* [What is being asked]:
Beginning with the line that contains "Can't be having", retype the entries below exactly, ending with the line that contains "Druženje ob kavi". Leave out any pictures.

* [Task data]:
# # # # # # #

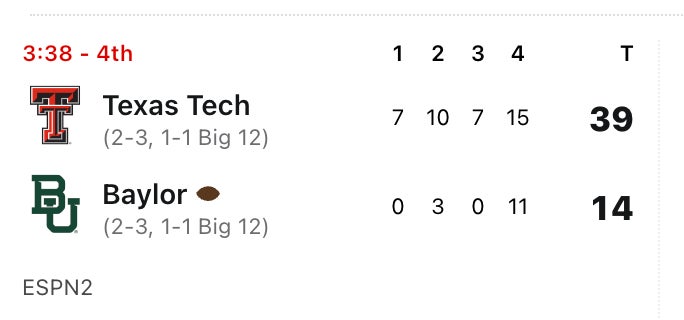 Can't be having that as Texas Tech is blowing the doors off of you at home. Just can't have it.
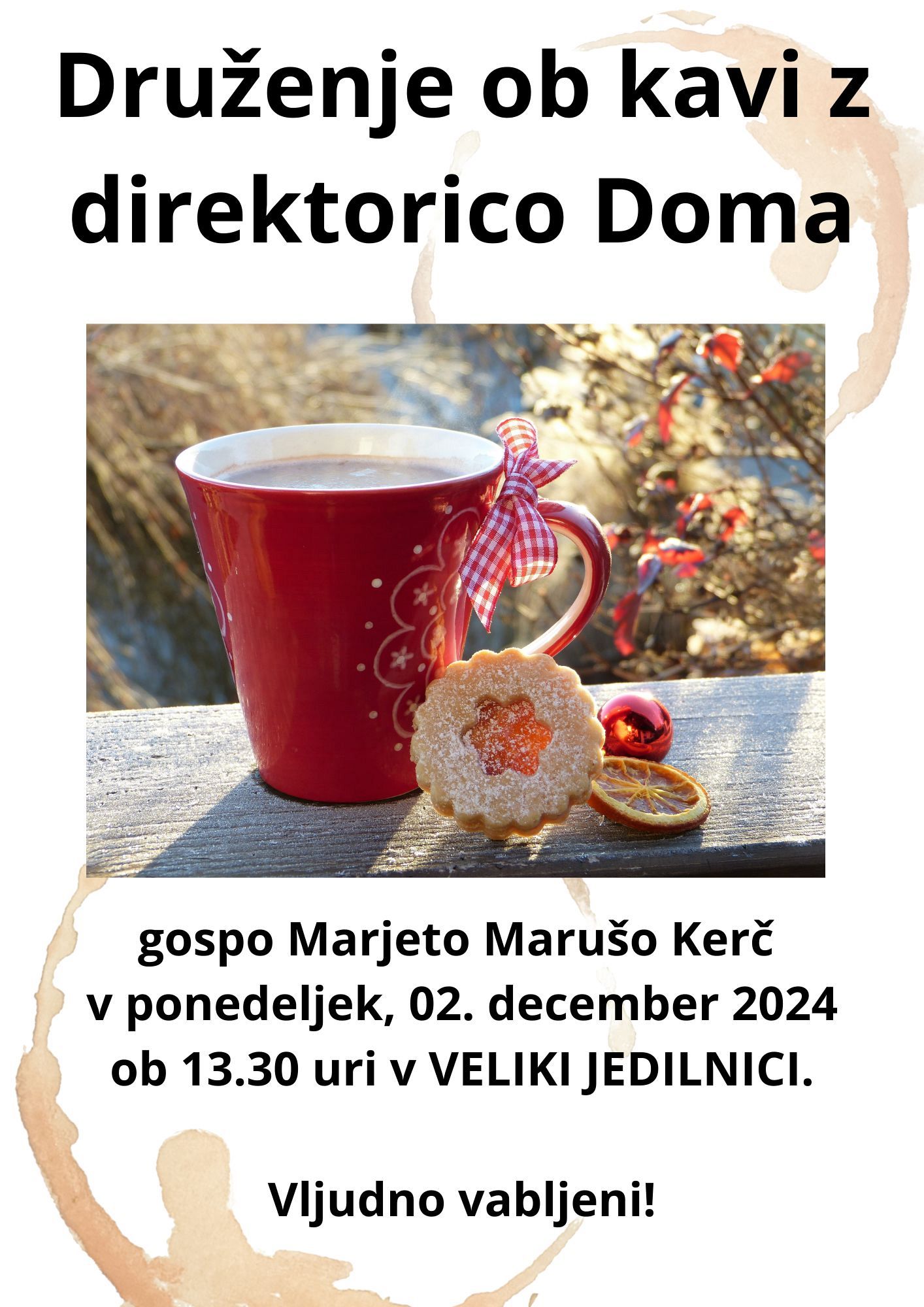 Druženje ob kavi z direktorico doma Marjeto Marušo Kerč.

# # # # # # #

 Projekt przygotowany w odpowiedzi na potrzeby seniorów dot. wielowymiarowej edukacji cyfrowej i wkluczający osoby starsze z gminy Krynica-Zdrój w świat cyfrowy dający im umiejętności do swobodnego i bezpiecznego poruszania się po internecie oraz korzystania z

# # # # # # #

* [Answer below]:
 Can't be having that as Texas Tech is blowing the doors off of you at home. Just can't have it.
 Druženje ob kavi z direktorico doma Marjeto Marušo Kerč.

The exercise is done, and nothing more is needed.